The Central Bank announced in April 2022 that it would suspend all debt repayment until a negotiated restructuring with its creditors. After a 30-day grace period to pay $ 78 million expired in May 2022 with the Government unable to repay its lenders, the country was officially in sovereign default or bankrupt in the eyes of the world. In total Sri Lanka is set to default on $ 12.6 billion of overseas bonds as the economy faces its worst crisis fuelled by a lack of foreign currency and surging inflation.
Even if the IMF loan does materialise by next month, it is not going to be a panacea for Sri Lanka’s economic crisis. The fundamental cause of the current predicament is the unsustainable expenditure by the State spanning many decades. The IMF loan should be considered as a short breathing space in order to stabilise inflation and ensure the essential services required to keep the economy moving. The Government must address State sector spending, especially in maintaining loss-making State Owned Enterprises that haemorrhage resources. The Government would have to demonstrate courage and make tough decisions on cost reductions and generating higher revenues. One of the main priorities should be to reduce public sector expenditure.
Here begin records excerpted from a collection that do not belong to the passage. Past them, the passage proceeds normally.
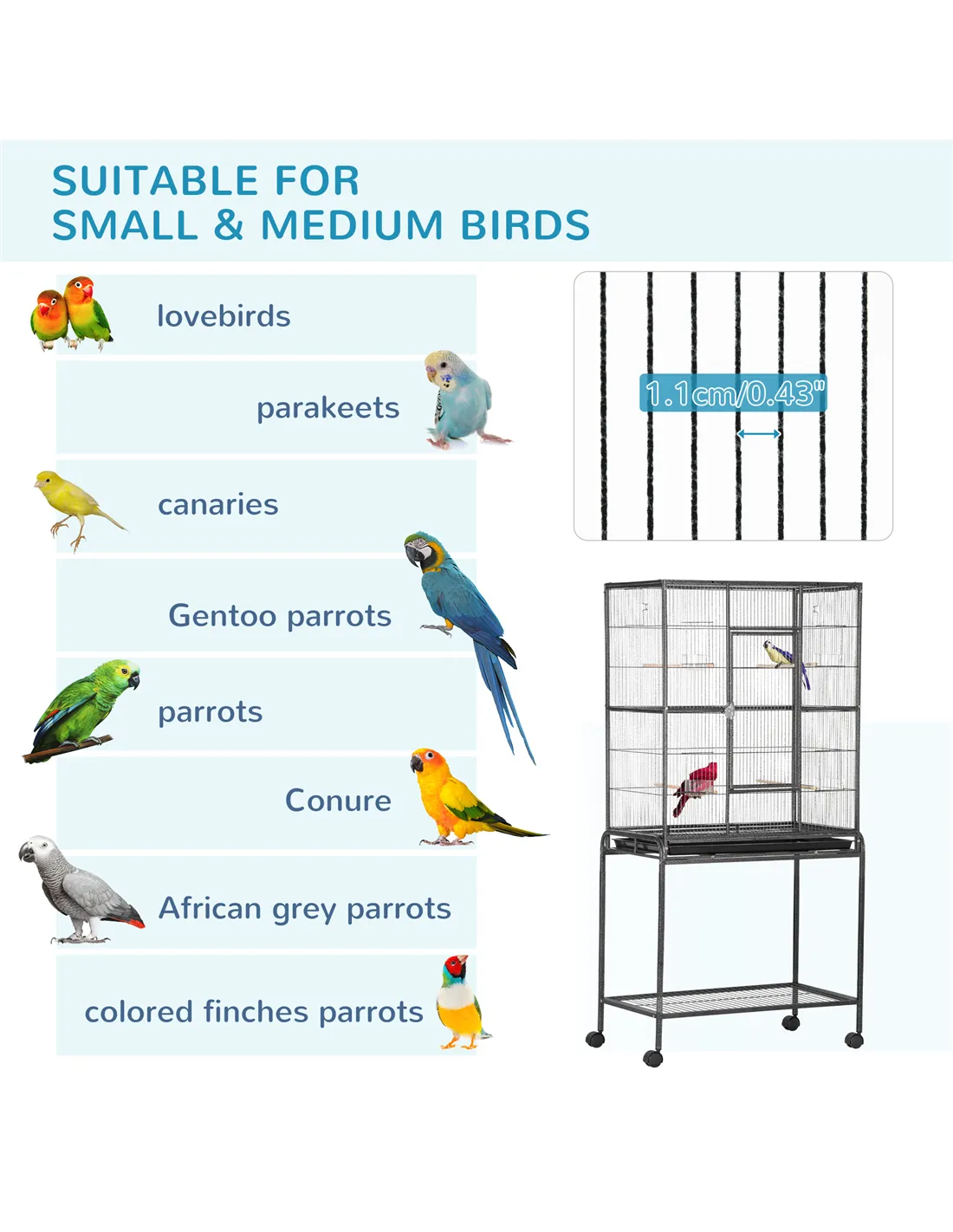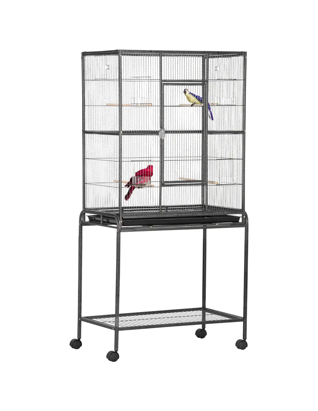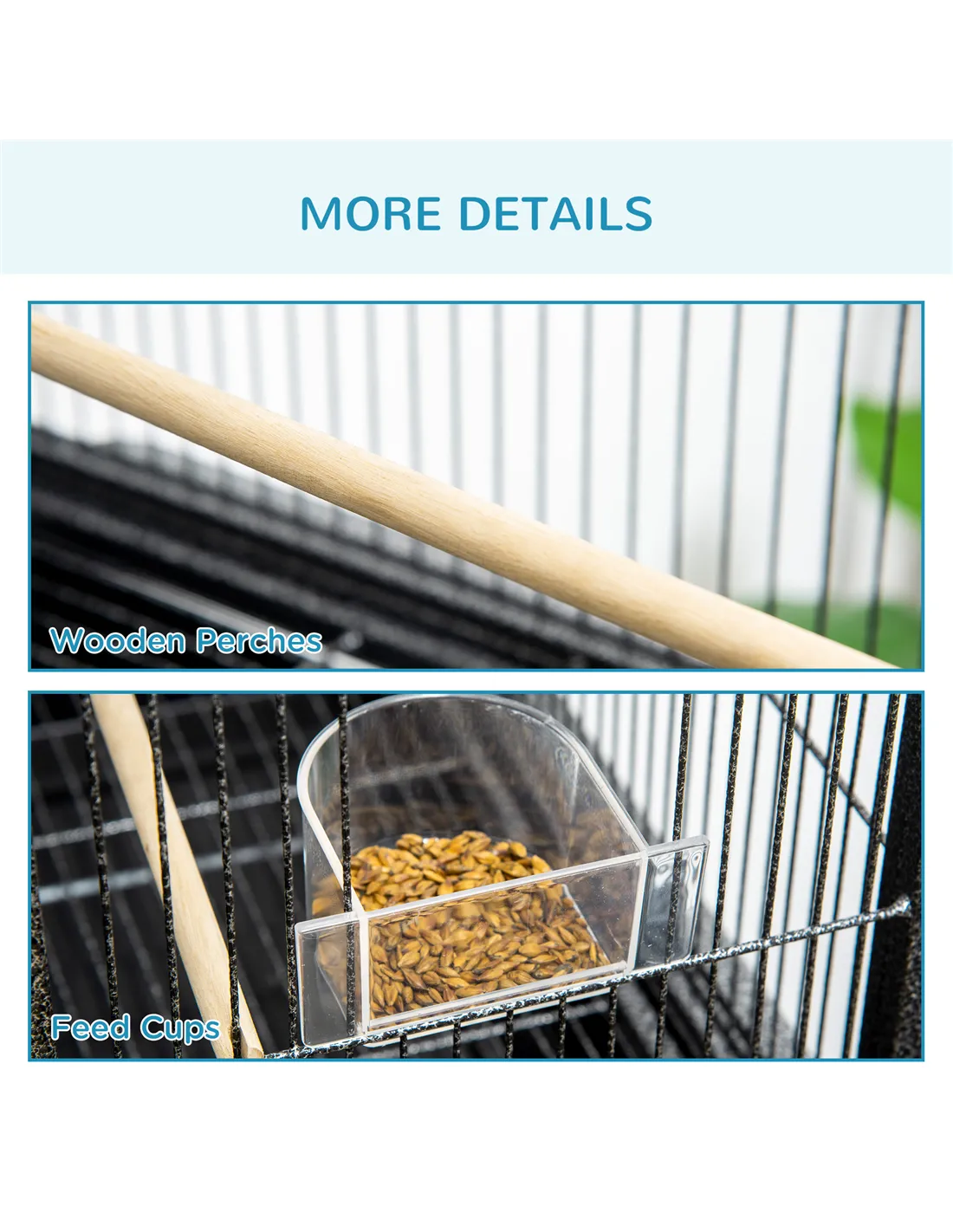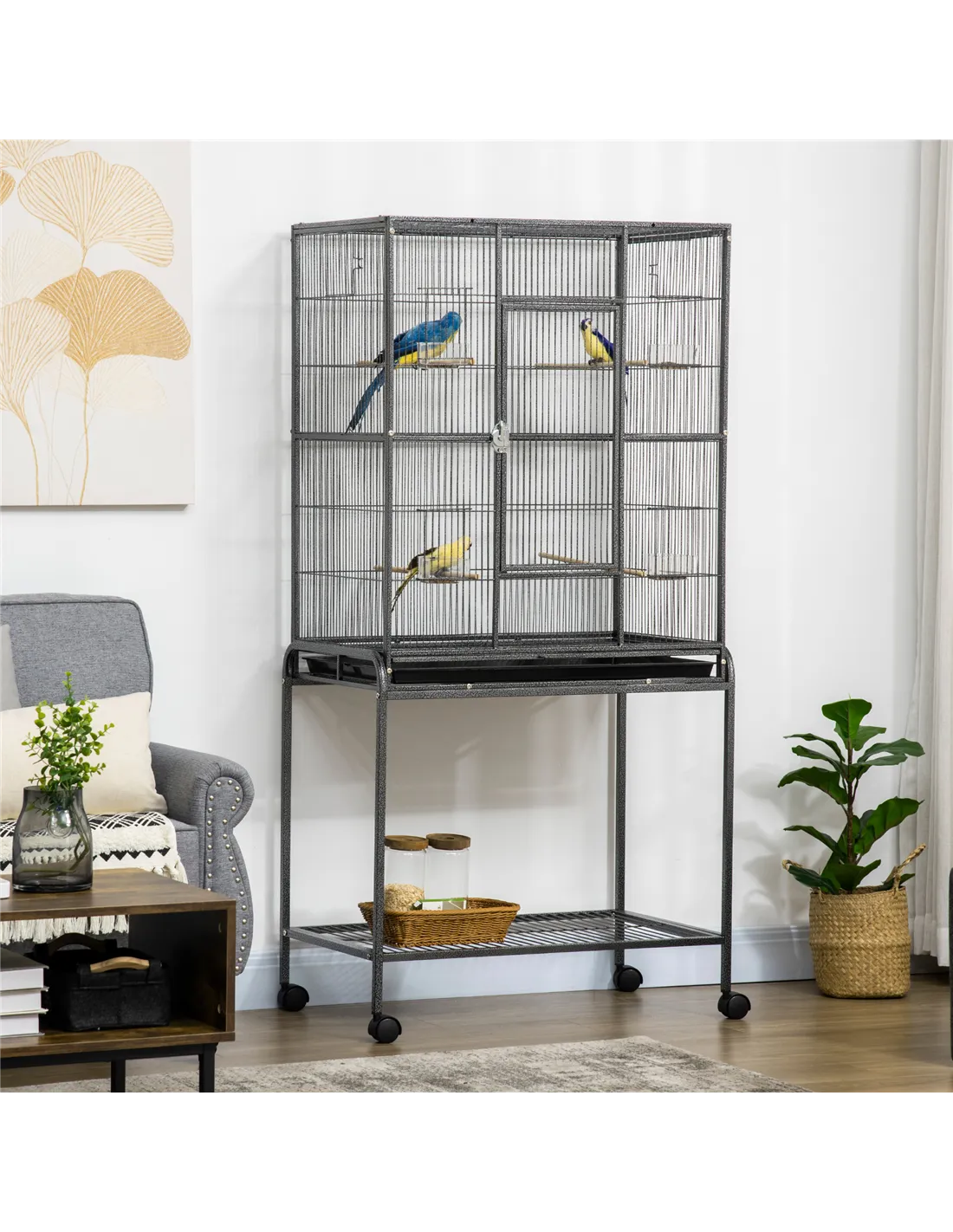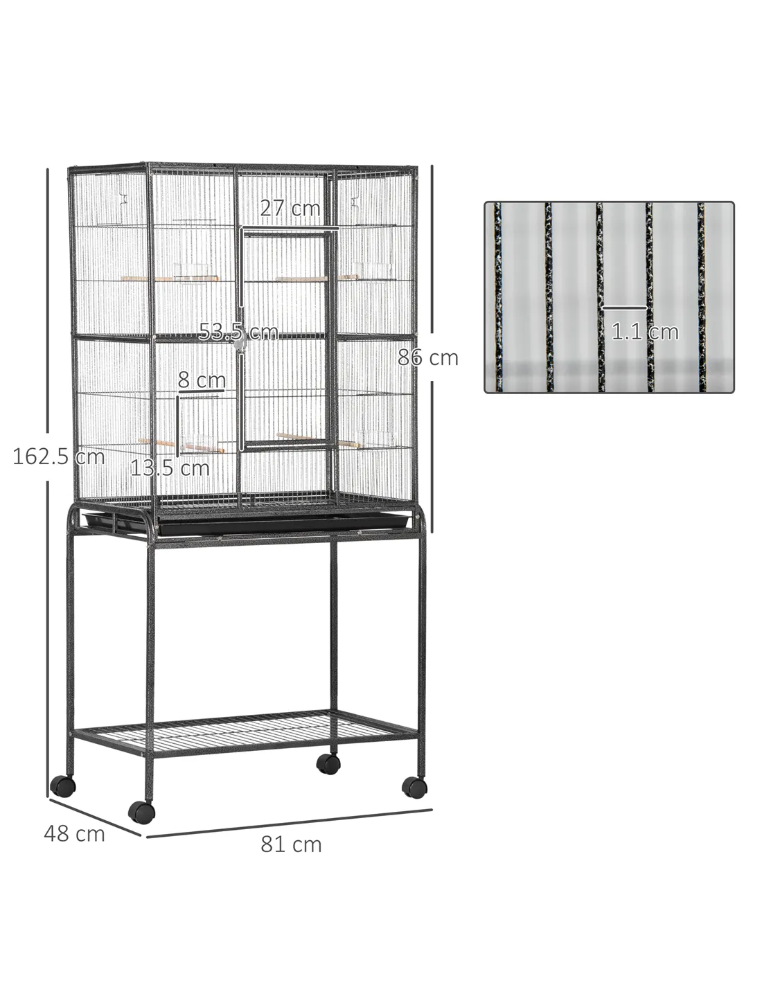 PawHut Large Bird Cage Budgie Cage with Stand, Storage Shelf, Wood Perch for Parrot Canary Parakeet Cockatiels, 81 x 48 x 162.5 cm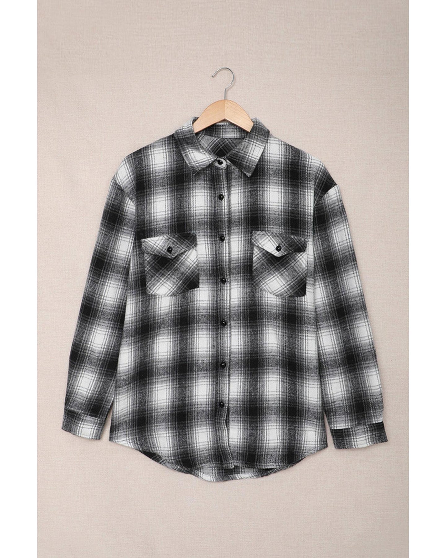 - Trendy and versatile Buttons Pocketed Plaid Shacket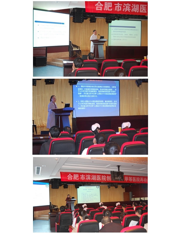 人感染H7N9禽流感的诊疗救治工作,提高防控能力,由医务部组织,在滨湖医院医技楼16楼会议中心举办了人感染H7N9禽流感防治全员培训。吴冬雷副院长、科主任、护士长、住院总和不值班的医护人员等均参加了培训,培训由医务部马克副部长主持。
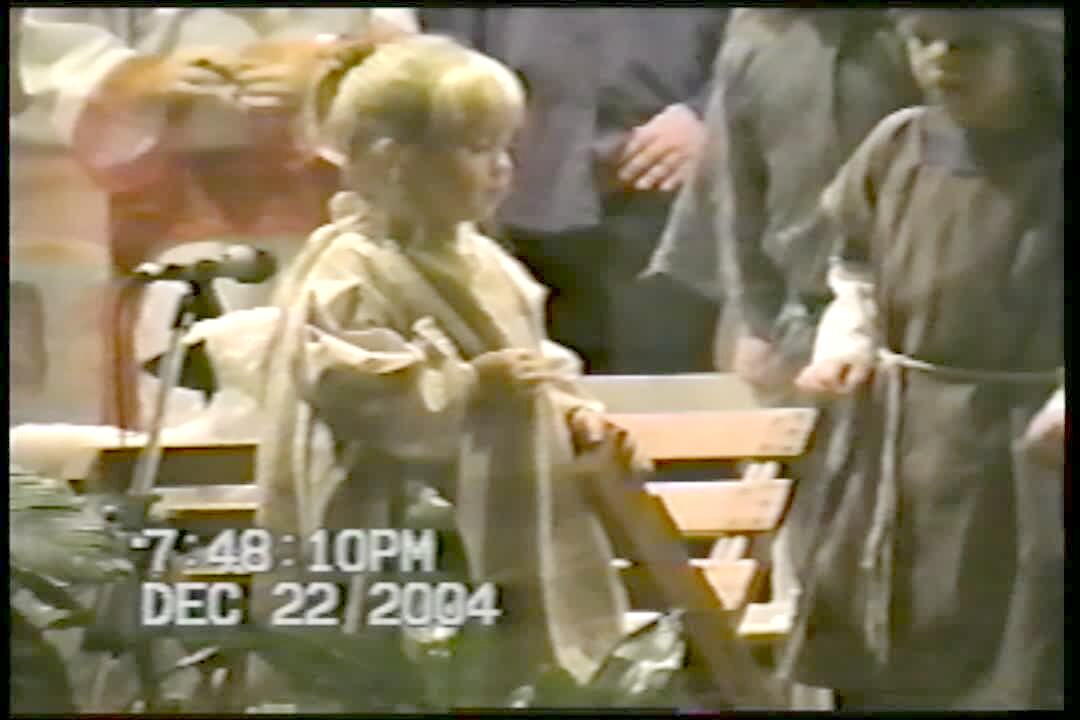 Christmas show at Baptist church. Nativity scene. Everyone on stage is singing Happy Birthday Jesus and little girl comes from audience and steals the baby Jesus doll from manger. Another tot takes the doll back and puts it in the manger.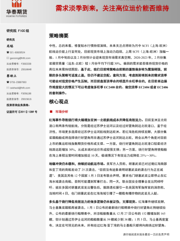 【华泰期货】【20240106】航运月报:需求淡季到来,关注高位运价能否维持-18页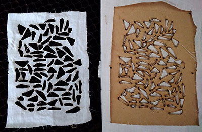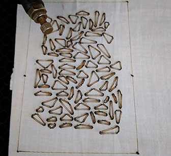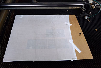 1 Before cutting cloth fix this on cardboard sheet or drawing sheets i used both in my experiment as so cloth will be stretch througout cutting otherwise it may start moving due to air coming out of nozzle which may result in burning
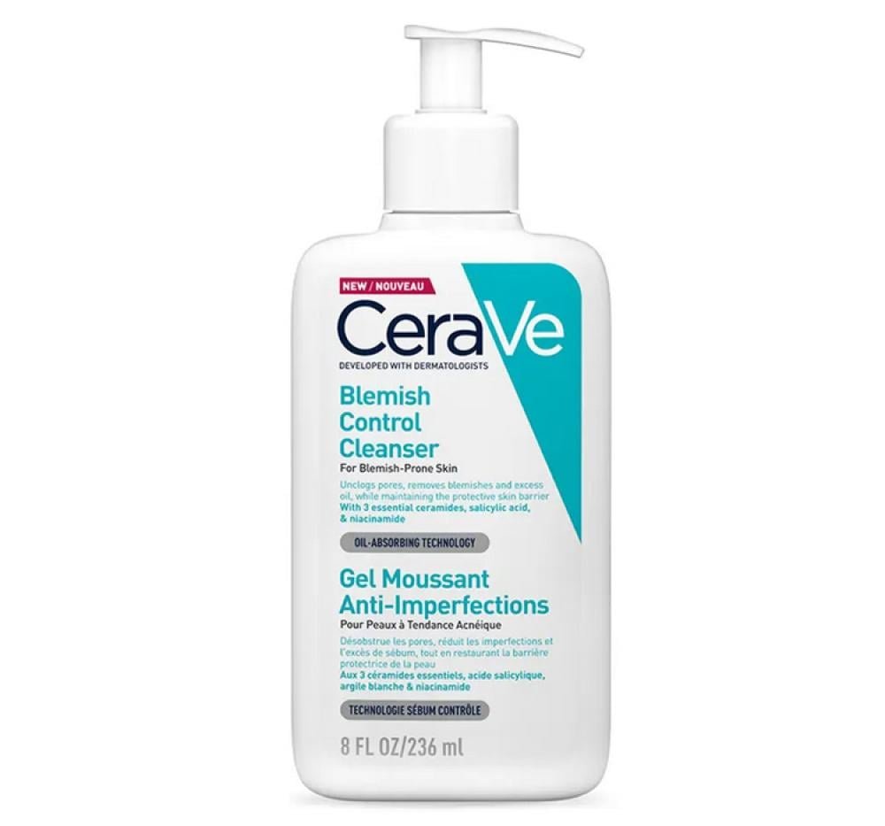 غسول Blemish Control Cleanser من CeraVe مصمم للبشرة المعرضة للحبوب، حيث يساعد على تنظيف المسام بعمق وإزالة الدهون الزائدة والشوائب التي تسبب ظهور الحبوب.

It will however have to be done cognisant of the tremendous hardships faced by the public. The need would be to prioritise the sectors that require expenditure while curtailing those that are not.
In this aspect the Government has shown little signs of austerity or seriousness in addressing unsustainable expenditure in the State sector. At the last budget presented by President Wickremesinghe, the Ministries of Defence and Public security were allocated a whopping Rs. 539 billion amounting to more than 2% of Gross National Product. It has also failed to deliver on any meaningful reforms of loss-making SOEs such as the Ceylon Electricity Board, Ceylon Petroleum Corporation and SriLankan Airlines. The current administration has also failed to address corruption and wastage within its ranks, further diluting its credibility for economic competence.
In this context the much-anticipated IMF loan would not be sufficient to rectify the economic woes of the country, unless the Government addresses the numerous structural flaws that contributed to the crisis in the first place.